Issue Number:42/issue>

Date: 05/26/1934

p. 01, c. 3

The Negroes New Deal

Thomas Sellers

There are forty or more branch boards operating under President Roosevelt's Recovery Administration which promise the people of the United States in so many words, "a New Deal". One branch devotes its time to the unemployed ice men, collecting statistics and opening factories so that the veterans of that industry may have work.

Another group encourages painters and writers by purchasing their "masterpieces" for use in governmental projects, that is, museums and libraries erected under the type of branch to aid unemployed American workmen.

In this age of "boards" it would mean a great deal to the 12,000,000 Negroes in this country, if the president saw fit to create a board designed to investigate and report on certain economic conditions that so greatly handicap one twelfth of American workmen.

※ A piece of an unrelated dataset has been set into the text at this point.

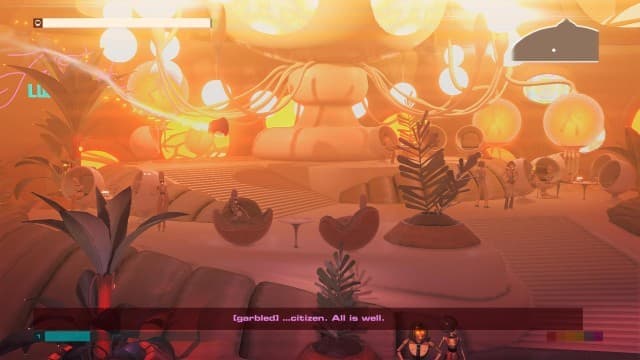 Впрочем, Headlander является неплохим приключением для тех, кто хочет насладиться слегка безумным миром. Герой попадает в декорации с показательно футуристическим оформлением, неоновыми вывесками и странными предметами искусства. Роботы-гуманоиды щеголяют модными прическами и вызывающими нарядами. Продвинутые технологии ретрофутуризма отличаются яркими кнопками, а данные записываются на здоровенные катушки бобинного типа. Но стоит свыкнуться с антуражем, как игра уже не вызывает столь позитивных эмоций.
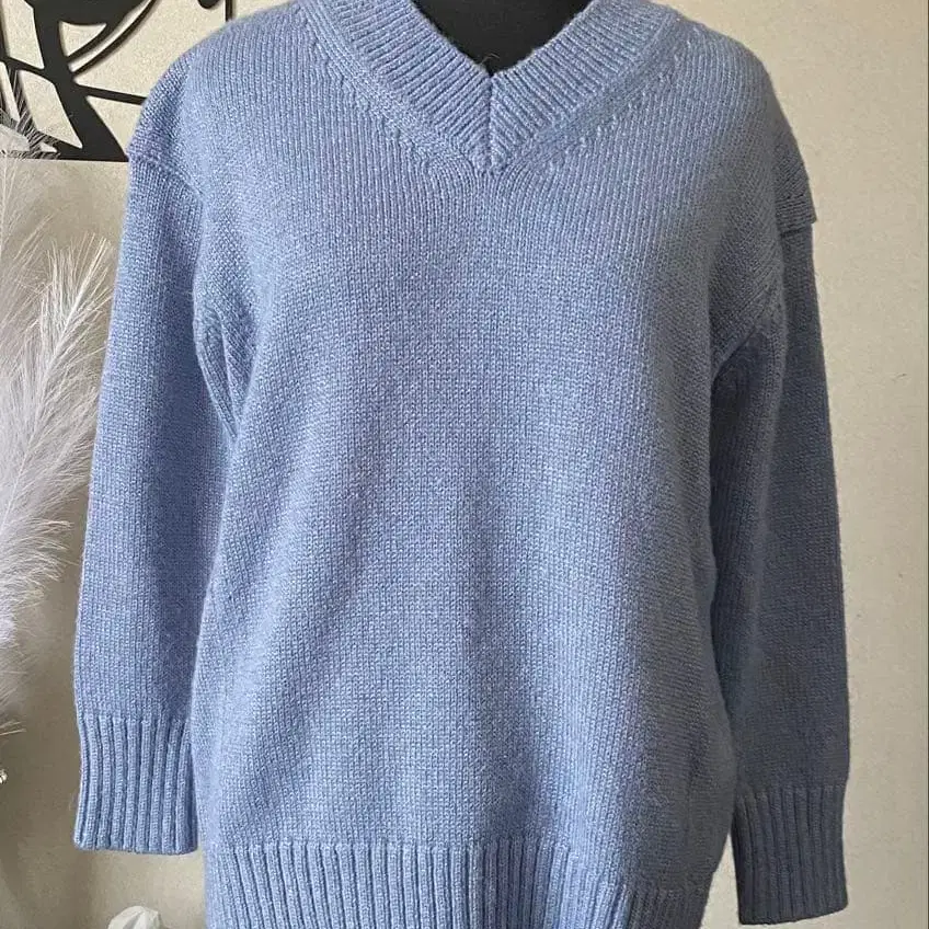 23구 V넥 라메 니트 38 울 x 알파카 혼방 고급 블루

The "board" upon investigation would hear of many relief cases in which Negroes are called only after all of the whites are employed, by these various government relief agencies. The "board" would ascertain the fact that hundreds of Negroes, who were employed before the advent of the "eagle" are now out of work, because they were told, after the appearance of this much heralded "blue bird" that $12.50 per week was too much money for a Negro when white men are out of work. This board would discover to its horror that in every industry, the white man's pay envelope equals just about three times that of the Negro workman, despite the fact that both of them put in the same number of hours and produce the same amount of labor.

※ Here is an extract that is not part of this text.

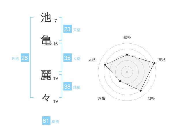 池亀 麗々さんを姓名の画数から五運を鑑定

This "board" would be even more surprised to learn that sugar, flour, milk and eggs, in fact all of the necessities of the life are sold to Negroes for the identical price that they are sold to other races, despite the fact that his income in 300 per cent less that the white workman.

This so-called "board", after careful investigation and a review of the collected facts would conclude that the present "deal" given to the American Negro is not so new after all, but is one that was shuffled and dealt around 1620 and has been played since that time with little revision in the rules.